As Lennig recounts, the original director of “Frankenstein” was French filmmaker Robert Florey. In Florey’s interpretation, Frankenstein’s creation was a simple-minded monster, not the tragic and intelligent character of the novel. This turned off Lugosi, who thought the part of the monster was beneath him. Lennig writes:
“Like a true man of the theater, [Lugosi] resented that he would have no “sides” (dialogue) and would be stuck portraying a mute and heavily disguised creature capable only of grunts and growls. Anybody could do this, he stated with indignation. Aloof and perhaps somewhat intemperate, the former Hungarian matinee idol saw himself as a sexy man who had played the part of a vampire, not as a “horror” man hiding his good looks under grotesque makeup. Excited at last to be a big Hollywood star whose image adorned all Dracula’s posters, his sudden fame perhaps went to his head.”
The part Lugosi was interested in was Dr. Frankenstein.
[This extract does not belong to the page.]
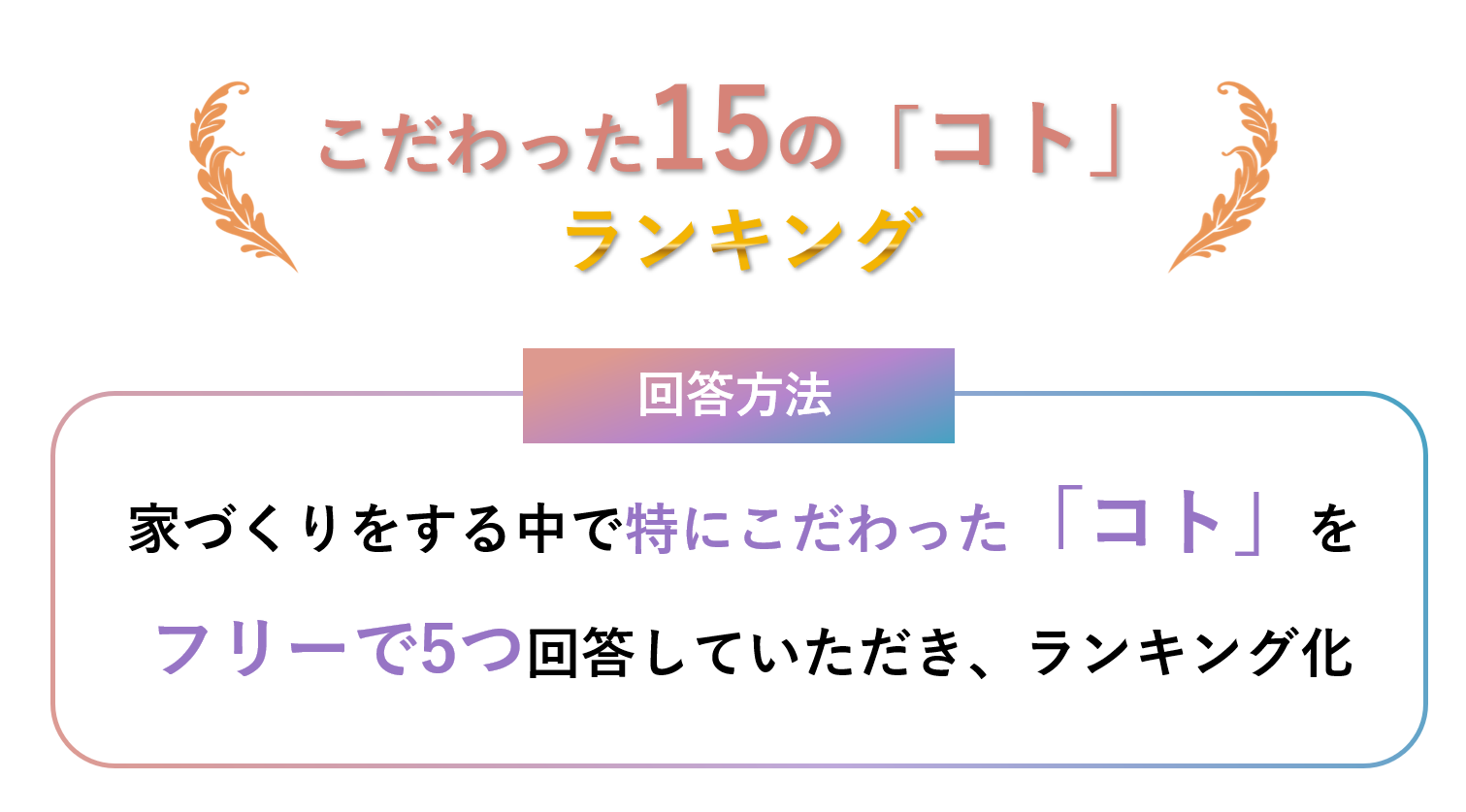 まずは、家づくりをされる中で特にこだわった「コト」をジャンル問わずフリー形式で5つ回答していただき、それをランキングにまとめました。早速、第10位から第6位までの発表です!

The doctor was more complex than his creation, the story’s true lead (with actual dialogue), and to play him, Lugosi wouldn’t have to conceal his good looks. Unless you’re Madeline Kahn, Frankenstein’s Monster isn’t anyone’s idea of a sex symbol.
Nonetheless, Lugosi agreed to a screen test; no images of him made up exist, so it’s unclear how close Lugosi’s monster resembled Karloff’s. A poster for “Frankenstein” was made with Lugosi’s name plastered on it, but of course, the film that arrived in theaters didn’t feature him.